DATA RECORDS Block Start

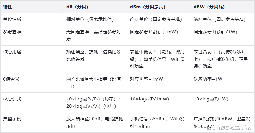 总结来说,区分这三个单位的关键在于“是否有固定参考基准”:无基准的是dB,用于对比;有基准的是dBm和dBW,用于表征具体功率。记住“dBm参考1mW(小功率)、dBW参考1W(大功率)”,再掌握“dBm = dBW + 30”的换算关系,就能在实际应用中准确理解和使用这三个单位了。
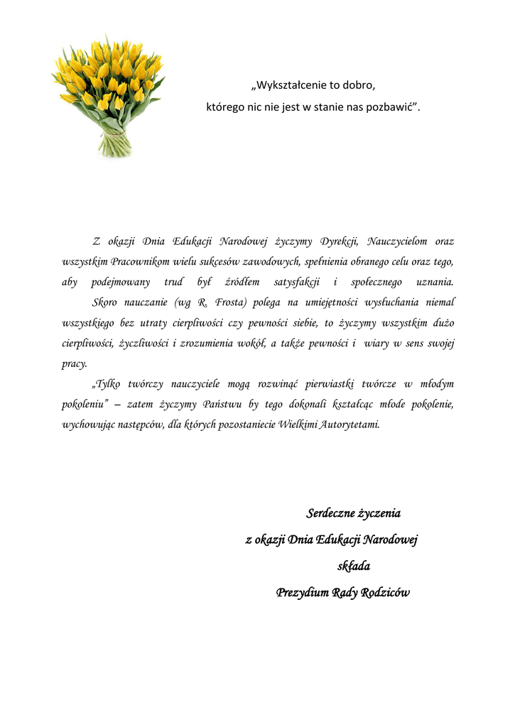 „Wykształcenie to dobro, którego nic nie jest w stanie nas pozbawid”. Z okazji Dnia Edukacji Narodowej życzymy Dyrekcji, Nauczycielom oraz wszystkim Pracownikom wielu sukcesów zawodowych, spełnienia obranego celu oraz tego, aby podejmowany trud był źródłem satysfakcji i społecznego uznania. Skoro nauczanie (wg R. Frosta) polega na umiejętności wysłuchania niemal wszystkiego bez utraty cierpliwości czy pewności siebie, to życzymy wszystkim dużo cierpliwości, życzliwości i zrozumienia wokół, a także pewności i wiary w sens swojej pracy. „Tylko twórczy nauczyciele mogą rozwinąć pierwiastki twórcze w młodym pokoleniu” – zatem życzymy Państwu by tego dokonali kształcąc młode pokolenie, wychowując następców, dla których pozostaniecie Wielkimi Autorytetami. Serdeczne życzenia z okazji Dnia Edukacji Narodowej składa Prezydium Rady Rodziców
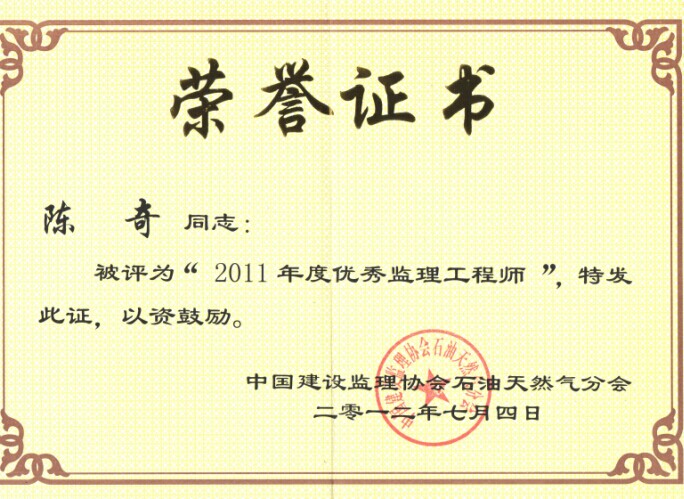 陳奇同志被中國建設監理協會評為年度優秀監理工程師
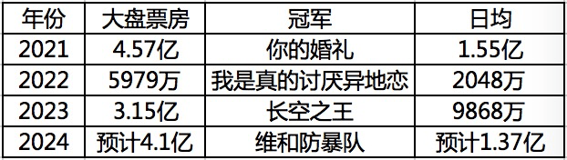 从往年数据来看,2021年确实是一个高峰,在全年各个档期均有一定的突破。五一档《你的婚礼》首日竟然狂砍1.55亿的惊人体量。去年的《长空之王》同样也有着单日近1亿的票房成绩,都是支撑五一档的强有力种子。而今年的《维和防暴队》同样不遑多让,首日斩获1.4亿的成绩。
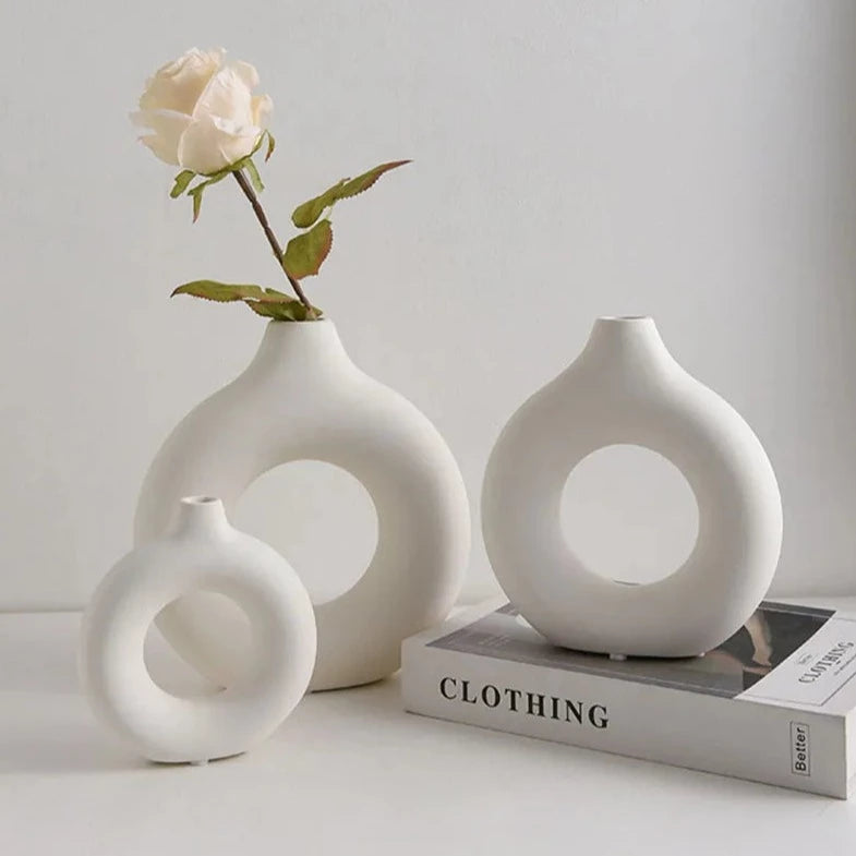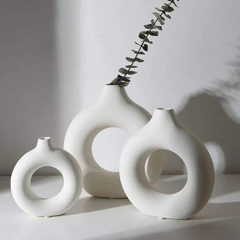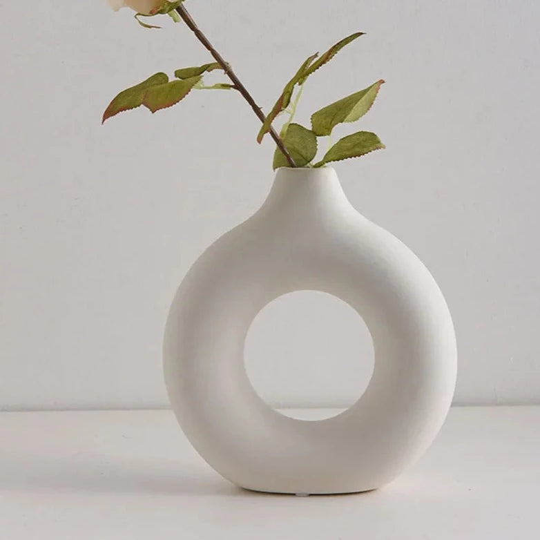 The Circular Ceramic Vase is a beautifully crafted piece that combines timeless elegance with a modern twist. Made from high-quality ceramic, this vase features a unique circular shape that adds a contemporary feel to any room. Its smooth, rounded contours and refined finish make it a standout decorative item, perfect for displaying flowers or as a standalone piece. The vase's versatile design allows it to complement a wide range of interior styles, from minimalist to more traditional decors. Ideal for those looking to add a touch of sophistication and artistry to their home, this circular ceramic vase is both a functional object and a piece of art.
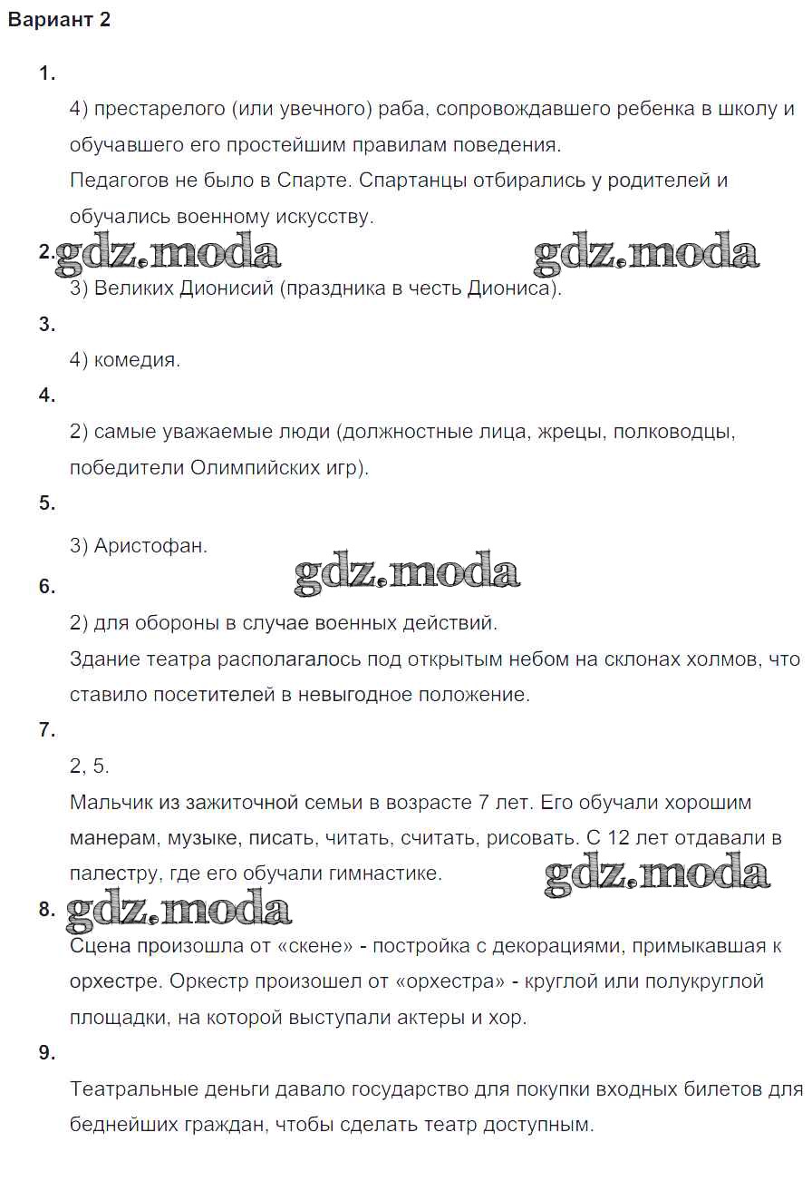 ГДЗ решение к заданию № Вариант №2 Всеобщая история Древнего мира 5 класс проверочные и контрольные работы Крючкова Е.А. Просвещение 2015 ФГОС бесплатно на гдз.мода!
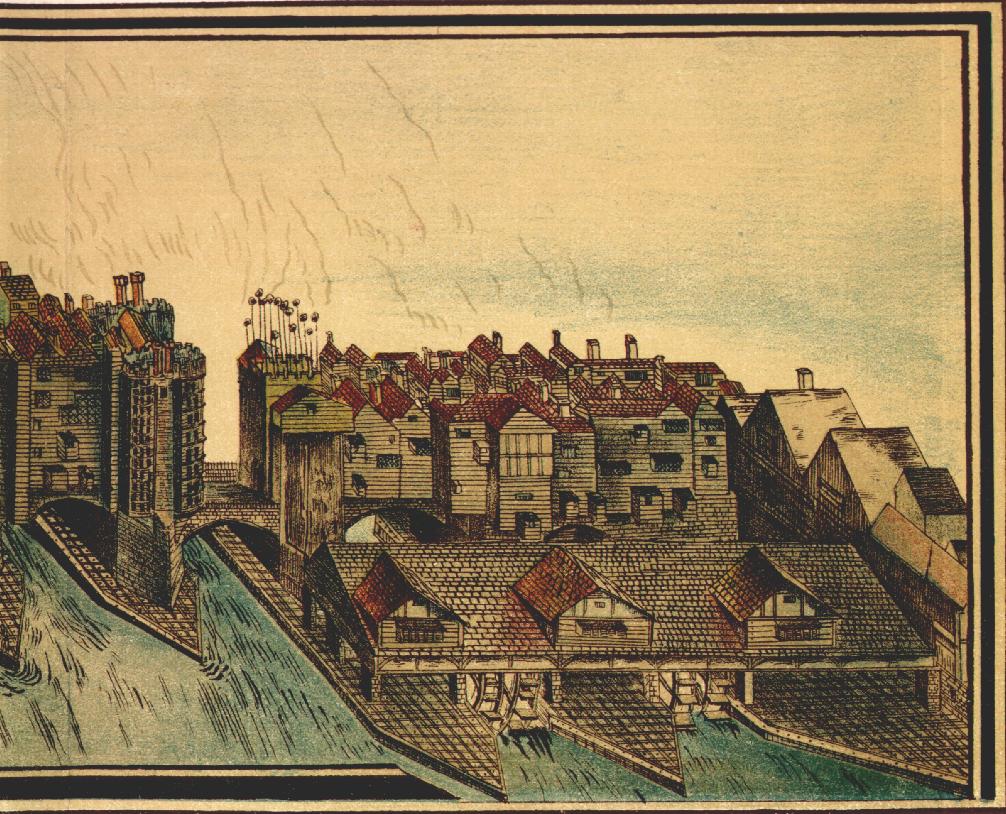 The bridge was built from 1176 to 1209. The Middlesex side is on the left, the Surrey side on the right. For a long period it was the only bridge across the Thames in London. On the Surrey side heads of traitors were stuck on poles above Southwark tower, and may be seen in the drawing. Parts of the bridge were continually collapsing, due to inadequate maintenance. Revenues for its upkeep, derived from toll charges, rents etc., were usually appropriated for other more frivolous purposes. Henry III is reputed to have given all the revenues to his wife to spend as she pleased. In the fourteenth century five arches fell into the river after a particularly hard winter. The bridge was finally abandoned by the Victorians, being deemed beyond economic repair.
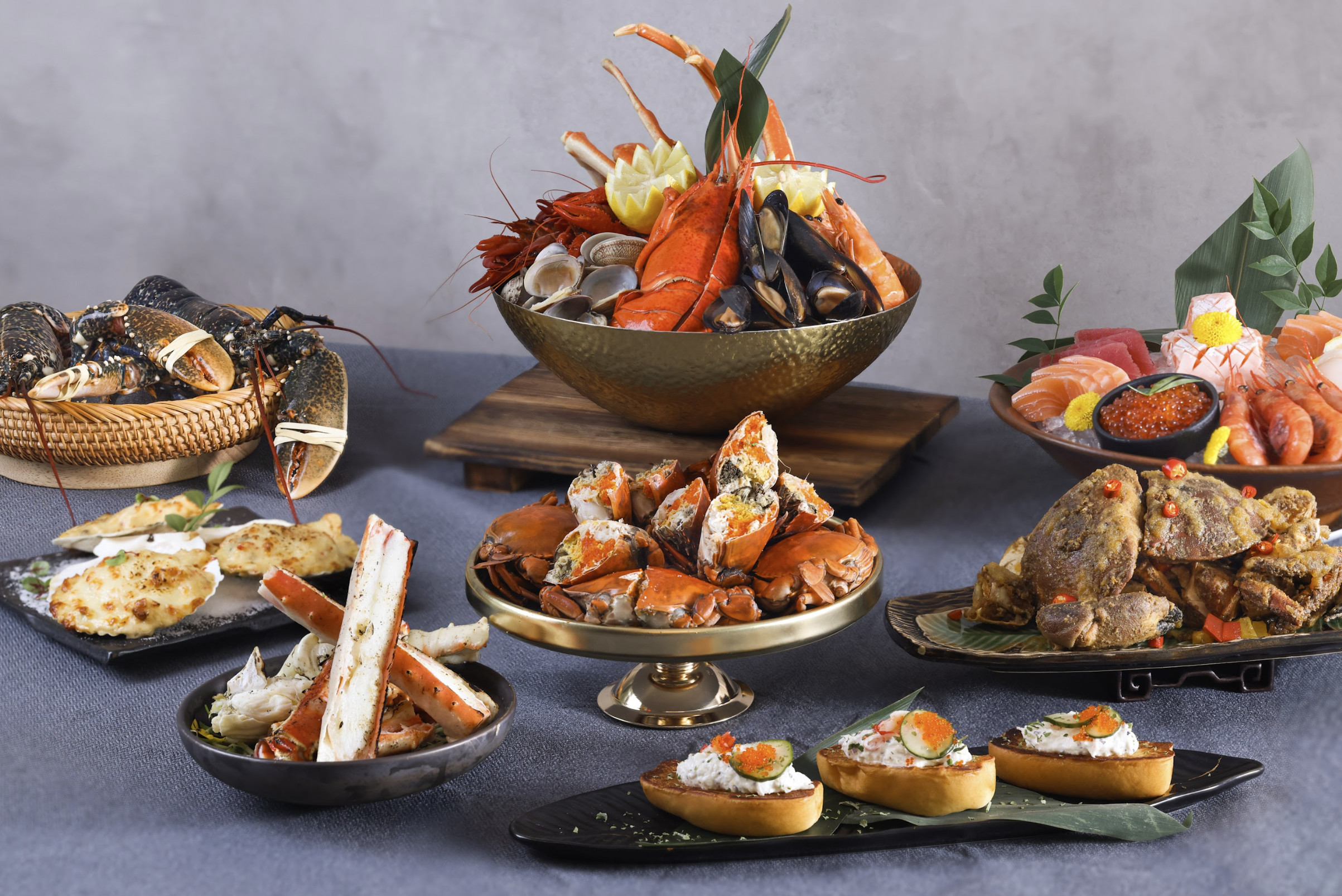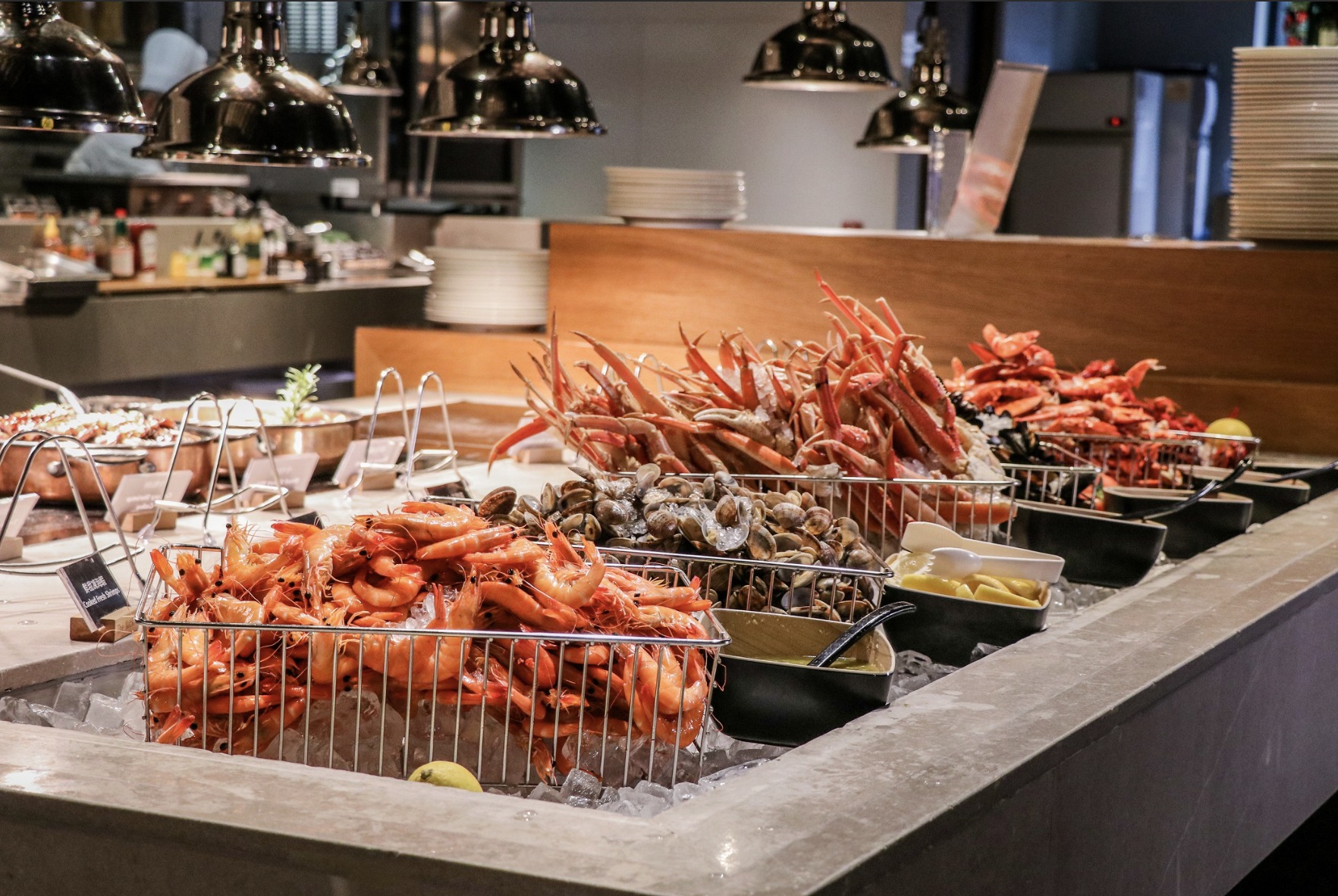 盡情品嚐The Market人氣阿拉斯加帝王蟹自助晚餐,除了廣受歡迎的日本直送燒阿拉斯加蟹腳、黃金炒蟹及多款以蟹入饌菜式外,由2026年3月2日起更全新加入多款龍蝦佳餚包括矜貴的法國藍龍蝦。精選菜式包括:即席烹調的火焰鐵板炒藍龍蝦、龍蝦海鮮粥、及龍蝦沙律配鵪鶉蛋等。廚師更會每晚表演烹調火焰秘製奄仔膏蟹。
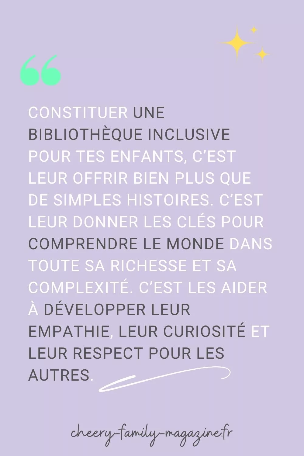 - Renforcement des valeurs familiales : la constitution d’une bibliothèque inclusive est l’occasion de transmettre tes valeurs familiales d’ouverture, de respect et de tolérance. Ces moments de choix et de partage autour des livres créent des souvenirs durables et renforcent les liens familiaux.
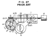 - Figures 23 and 24 show details of the construction of the clutch disc 15. More specifically, the clutch disc 15 has formed therein first engaging portions (hereinafter, referred to as elongated holes) 23, 23′ of crescent form such that they each extend over a predetermined angle and are oppositely arranged on a circle concentric with an axial hole 22, and second engaging portions (hereinafter, referred to as projections) 24, 24′ formed integrally with the worm wheel 14 such that they are opposite to each other about the centre of the wheel 14, the elongated holes 23, 23′ being respectively engaged with the projections 24, 24′.

DATA RECORDS Block End

● WORK REQUIRED
Set out the material once more, exact in every line, with no images.

● ANSWER TO THIS PROBLEM
 总结来说,区分这三个单位的关键在于“是否有固定参考基准”:无基准的是dB,用于对比;有基准的是dBm和dBW,用于表征具体功率。记住“dBm参考1mW(小功率)、dBW参考1W(大功率)”,再掌握“dBm = dBW + 30”的换算关系,就能在实际应用中准确理解和使用这三个单位了。
 „Wykształcenie to dobro, którego nic nie jest w stanie nas pozbawid”. Z okazji Dnia Edukacji Narodowej życzymy Dyrekcji, Nauczycielom oraz wszystkim Pracownikom wielu sukcesów zawodowych, spełnienia obranego celu oraz tego, aby podejmowany trud był źródłem satysfakcji i społecznego uznania. Skoro nauczanie (wg R. Frosta) polega na umiejętności wysłuchania niemal wszystkiego bez utraty cierpliwości czy pewności siebie, to życzymy wszystkim dużo cierpliwości, życzliwości i zrozumienia wokół, a także pewności i wiary w sens swojej pracy. „Tylko twórczy nauczyciele mogą rozwinąć pierwiastki twórcze w młodym pokoleniu” – zatem życzymy Państwu by tego dokonali kształcąc młode pokolenie, wychowując następców, dla których pozostaniecie Wielkimi Autorytetami. Serdeczne życzenia z okazji Dnia Edukacji Narodowej składa Prezydium Rady Rodziców
 陳奇同志被中國建設監理協會評為年度優秀監理工程師
 从往年数据来看,2021年确实是一个高峰,在全年各个档期均有一定的突破。五一档《你的婚礼》首日竟然狂砍1.55亿的惊人体量。去年的《长空之王》同样也有着单日近1亿的票房成绩,都是支撑五一档的强有力种子。而今年的《维和防暴队》同样不遑多让,首日斩获1.4亿的成绩。
 The Circular Ceramic Vase is a beautifully crafted piece that combines timeless elegance with a modern twist. Made from high-quality ceramic, this vase features a unique circular shape that adds a contemporary feel to any room. Its smooth, rounded contours and refined finish make it a standout decorative item, perfect for displaying flowers or as a standalone piece. The vase's versatile design allows it to complement a wide range of interior styles, from minimalist to more traditional decors. Ideal for those looking to add a touch of sophistication and artistry to their home, this circular ceramic vase is both a functional object and a piece of art.
 ГДЗ решение к заданию № Вариант №2 Всеобщая история Древнего мира 5 класс проверочные и контрольные работы Крючкова Е.А. Просвещение 2015 ФГОС бесплатно на гдз.мода!
 The bridge was built from 1176 to 1209. The Middlesex side is on the left, the Surrey side on the right. For a long period it was the only bridge across the Thames in London. On the Surrey side heads of traitors were stuck on poles above Southwark tower, and may be seen in the drawing. Parts of the bridge were continually collapsing, due to inadequate maintenance. Revenues for its upkeep, derived from toll charges, rents etc., were usually appropriated for other more frivolous purposes. Henry III is reputed to have given all the revenues to his wife to spend as she pleased. In the fourteenth century five arches fell into the river after a particularly hard winter. The bridge was finally abandoned by the Victorians, being deemed beyond economic repair.
 盡情品嚐The Market人氣阿拉斯加帝王蟹自助晚餐,除了廣受歡迎的日本直送燒阿拉斯加蟹腳、黃金炒蟹及多款以蟹入饌菜式外,由2026年3月2日起更全新加入多款龍蝦佳餚包括矜貴的法國藍龍蝦。精選菜式包括:即席烹調的火焰鐵板炒藍龍蝦、龍蝦海鮮粥、及龍蝦沙律配鵪鶉蛋等。廚師更會每晚表演烹調火焰秘製奄仔膏蟹。
 - Renforcement des valeurs familiales : la constitution d’une bibliothèque inclusive est l’occasion de transmettre tes valeurs familiales d’ouverture, de respect et de tolérance. Ces moments de choix et de partage autour des livres créent des souvenirs durables et renforcent les liens familiaux.
 - Figures 23 and 24 show details of the construction of the clutch disc 15. More specifically, the clutch disc 15 has formed therein first engaging portions (hereinafter, referred to as elongated holes) 23, 23′ of crescent form such that they each extend over a predetermined angle and are oppositely arranged on a circle concentric with an axial hole 22, and second engaging portions (hereinafter, referred to as projections) 24, 24′ formed integrally with the worm wheel 14 such that they are opposite to each other about the centre of the wheel 14, the elongated holes 23, 23′ being respectively engaged with the projections 24, 24′.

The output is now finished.